Records from a data collection:
__________________________________________________
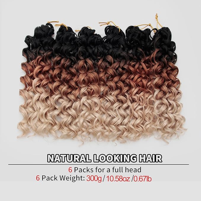 QRHSUKA GoGo Curl Crochet Hair Short Curly Crochet Hair for Women Beach Curl Water Wave Deep Twist Crochet Braids Synthetic Braiding Hair Extensions (12 inch(Pack of 6), 1B/27/613)
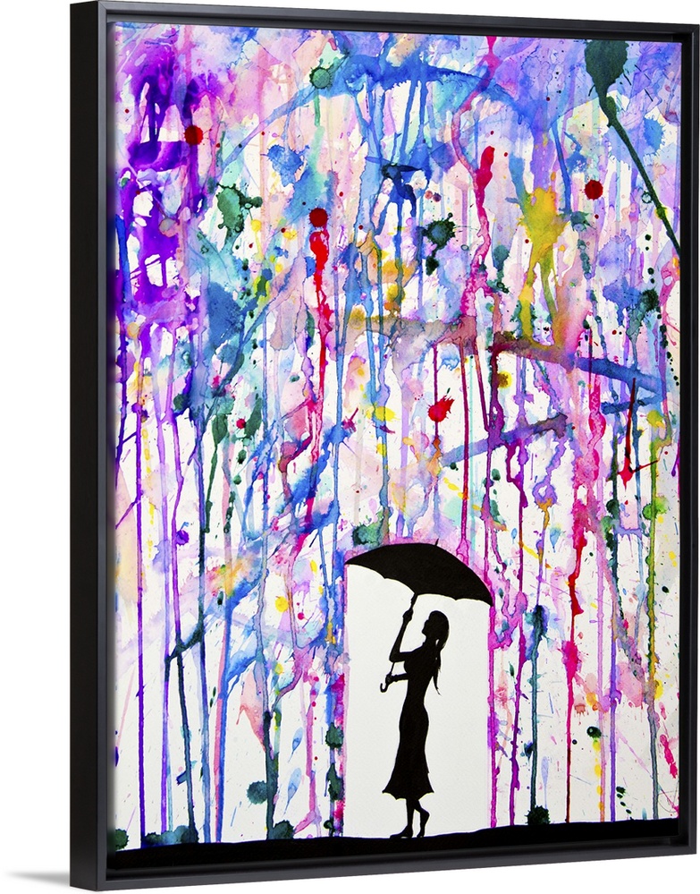 <p>Watercolor and ink painting of a silhouetted woman with an umbrella under colorful rain.</p>
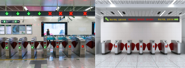 乘客進(jìn)閘口區(qū),吊架安裝LED條屏,引導(dǎo)乘客進(jìn)出閘口,標(biāo)識(shí)醒目。在進(jìn)站/出站客流量大的時(shí)段,可以調(diào)節(jié)進(jìn)口/出口數(shù)量,有效緩解人員排隊(duì)擁堵情況。
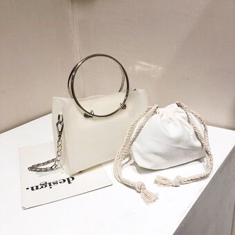 2 σε 1 PVC + καμβά μεταλλική λαβή ενιαία τσάντα ώμου κυρίες τσάντα Messenger τσάντα (χρώμα: λευκό μέγεθος: στυλ 2)
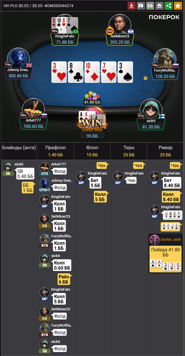 Единственное, он почти перестал со мной большие банки разыгрывать. Запихнуться может на шару в 3-бет поте на флопе, если куда-то отдалённо попал, а так уже кнопку фолд в ха банках чаще нажимает. Хотя, в целом, своему стилю не изменяет за столом. Там иногда он и jpaulomuts кубок лобби по страдлам разыгрывают. А так как играют они обычно по 6-9 столов, то страдлодискотека может быть почти на каждом столе.
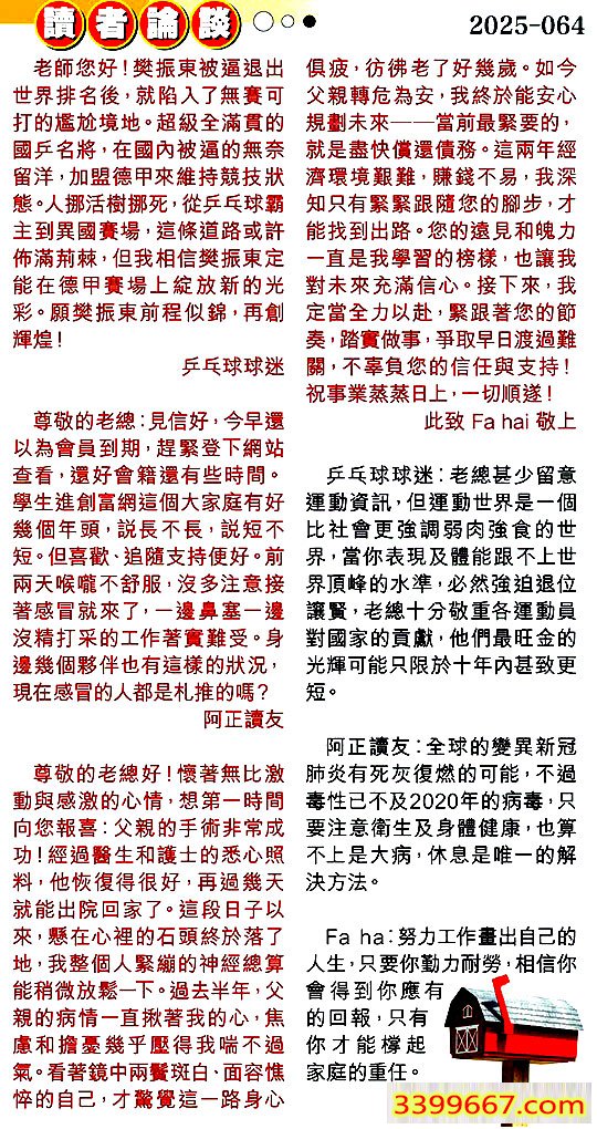 主题 :064期:彩民推荐〖貼信讀者論壇〗 |
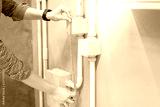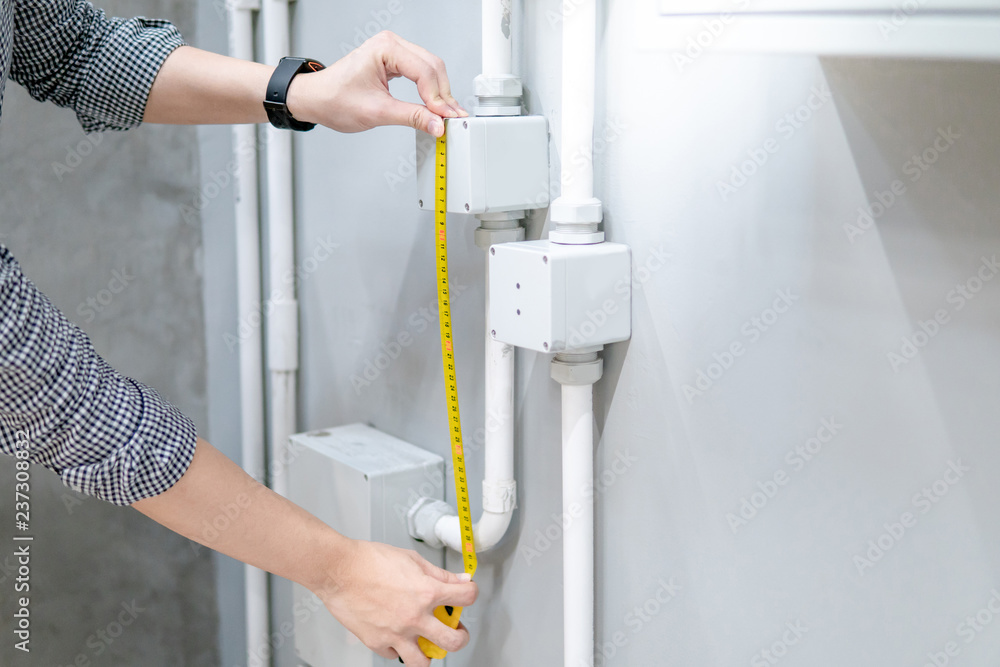 Male hand electrician using tape measure for measuring dimension of electrical conduit and electrical box on the wall. Electrical fitting installation and building construction concepts
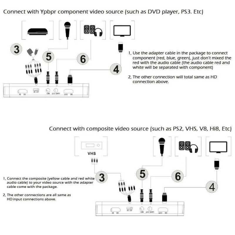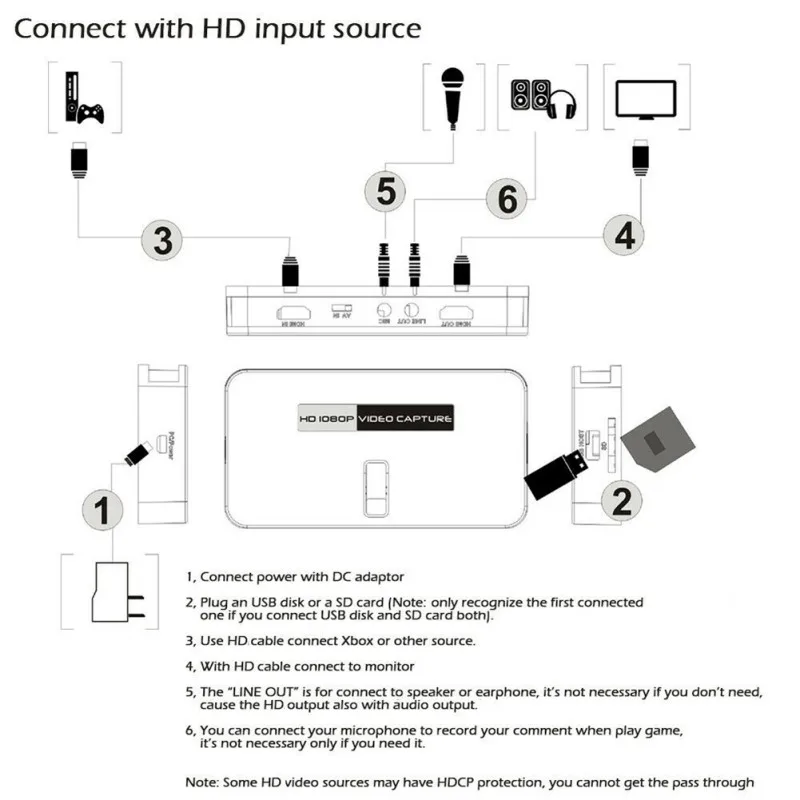Features: 1. Plug and play, no driver or computer required, one-click recording; full of practicability and convenience. 2. Support SD/HD video signals, up to 1080P resolution, 3.5mm audio port, equipped with HDMI/ color difference component/ composite video CVBS port and wire. (HDMI, Component Video, Composite Video) 3. Professional video software lets you can edit and upload videos easily; microphone adopted to record voice over, simultaneous game and voice explanation. 4. Mesh back cover is good to heat dissipation; support U disk and SD card memory. 5. Remote control, you can control recording / stop, video source, recording quality and picture capture. 6. Capture various game videos from DVD/camcorder/HD player/set-top box/computer/ for XBOX/ for PS3/ for PS4 game console and store them in U disk, mobile hard disk or SD card inserted in this product. Here is the link of recorded video: http://pan.baidu.com/share/home?uk=491395751#category/type=0&qq-pf-to=pcqq.c2c Specifications: Type:Game video capture card Color:Black Resolution:1080P HD Audio Port:3.5mm Storage:U disk, SD card Applicable devices:DVD/camcorder/HD player/set-top box/computer/ for XBOX/ for PS3/ for PS4 game console Microphone:Yes Main features:Plug and play, drive free, remote control Package list: 1 x Game video capture card
__________________________________________________
In the data above, find the line with "乘客進(jìn)閘口區(qū" and the line with "Male hand electrician". Please copy exactly those two lines and every line between them, but not the pictures.

 乘客進(jìn)閘口區(qū),吊架安裝LED條屏,引導(dǎo)乘客進(jìn)出閘口,標(biāo)識(shí)醒目。在進(jìn)站/出站客流量大的時(shí)段,可以調(diào)節(jié)進(jìn)口/出口數(shù)量,有效緩解人員排隊(duì)擁堵情況。
 2 σε 1 PVC + καμβά μεταλλική λαβή ενιαία τσάντα ώμου κυρίες τσάντα Messenger τσάντα (χρώμα: λευκό μέγεθος: στυλ 2)
 Единственное, он почти перестал со мной большие банки разыгрывать. Запихнуться может на шару в 3-бет поте на флопе, если куда-то отдалённо попал, а так уже кнопку фолд в ха банках чаще нажимает. Хотя, в целом, своему стилю не изменяет за столом. Там иногда он и jpaulomuts кубок лобби по страдлам разыгрывают. А так как играют они обычно по 6-9 столов, то страдлодискотека может быть почти на каждом столе.
 主题 :064期:彩民推荐〖貼信讀者論壇〗 |
 Male hand electrician using tape measure for measuring dimension of electrical conduit and electrical box on the wall. Electrical fitting installation and building construction concepts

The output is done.